Episode 2

De Cureghem au quartier Léopold, j’ai mis exactement 37 minutes.

Je suis descendu du 96 devant la gare. Monique me l’avait bien décrite : de l’ancien bâtiment, il ne restait que la façade, dominée désormais par un Parlement européen très arrogant. Même les voies avaient disparu. Enterrées sous une dalle de béton hérissée de barrières métalliques derrière lesquelles s’activaient des ouvriers.

Je le comprenais, Bernard : malgré le soleil, c’était déprimant. Très.

Il y a dix ans, quand j’avais quitté le quartier, la plupart des habitants s’organisaient pour résister au projet européen. Je les avais laissés pétitionner. Moi, lucidement, j’avais accepté la prime offerte pour m’inciter à déserter un logement promis à la démolition. Il faut dire que mon appartement aurait nécessité des investissements que mes affaires ne pouvaient plus financer. Quelques mois plus tard, quand les dernières maisons de la rue Wiertz avaient été évacuées, Bernard et Monique avaient bien dû s’en aller. Comme tout le monde.

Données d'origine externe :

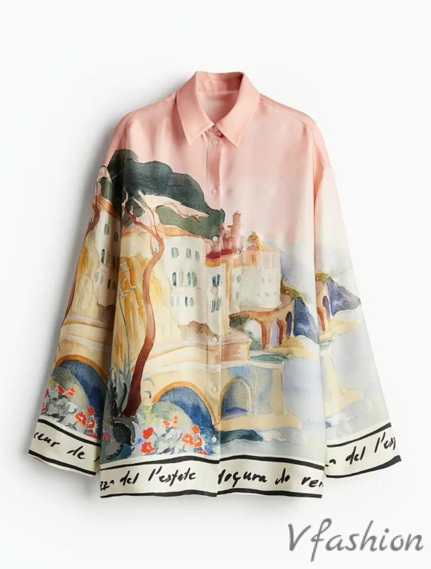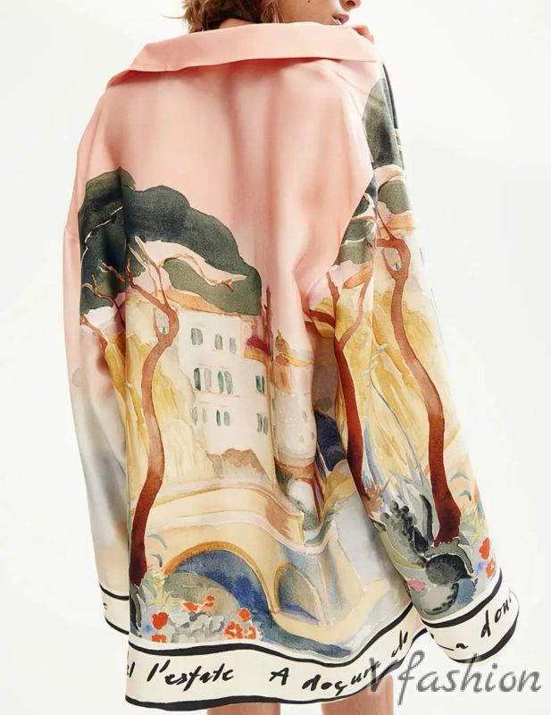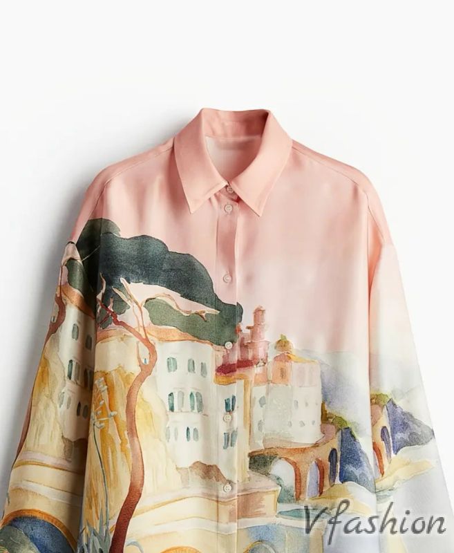 Спортно-елегантна риза с много нежен принт на розов фон.

J’avais quitté le quartier avec des rêves et des envies d’ailleurs. De soleil et de mers chaudes.

Au bout du compte, j’avais atterri à Cureghem, de l’autre côté de la ville. Dans un appartement, sous-toits, dont je n’arrivais plus à payer le loyer.

Bernard et Monique avaient eu moins d’ambition. Ils s’étaient installés à une centaine de mètres du chantier. Au-dessus du café La Citadelle de Dinant que nous avions beaucoup fréquenté. Je l’avais appris de la bouche d’un autre ancien voisin rencontré par hasard à deux pas de la Grand-Place. Ce voisin s’était contenté de me donner l’information, mais son regard en disait long. De même, quand il m’avait dit que Bernard s’était mis en tête d’apprendre le bulgare, pour se faire engager aux Communautés européennes, il m’avait longuement regardé sans faire de commentaire.

Ce jour-là, j’avais imaginé que, bercés par leurs rêveries, Monique et Bernard couleraient gentiment dans la bière du rez-de-chaussée.

Il y a dix ans, je m’étais juré de ne revenir sur la place du Luxembourg qu’au volant d’une Saab décapotable, ou d’une BMW noire. Pour une voiture, la couleur noire est très classe.

A cette époque, je pensais pouvoir changer de vie, tout recommencer à zéro.

Gagner beaucoup d’argent et séduire des filles en bikini.

Au lieu de cela, je descendais d’un bus articulé en lisière d’une place que je ne reconnaissais plus. Tous les cafés qui m’avaient été familiers étaient aujourd’hui remplacés par des établissements qui débitaient certainement plus de tartes aux brocolis que de cervelas moutarde. Un vrai gâchis.

L’air chaud du printemps n’y changeait rien. Au contraire. Les trottoirs débordaient de terrasses garnies d’individus portant des badges retenus par des rubans aux couleurs de l’Europe. Ainsi rassemblés, on aurait dit une colonie de vacances ou un campement de jeunes chrétiens.

Inutile de préciser : quand je suis arrivé chez Bernard et Monique, j’étais d’une humeur massacrante.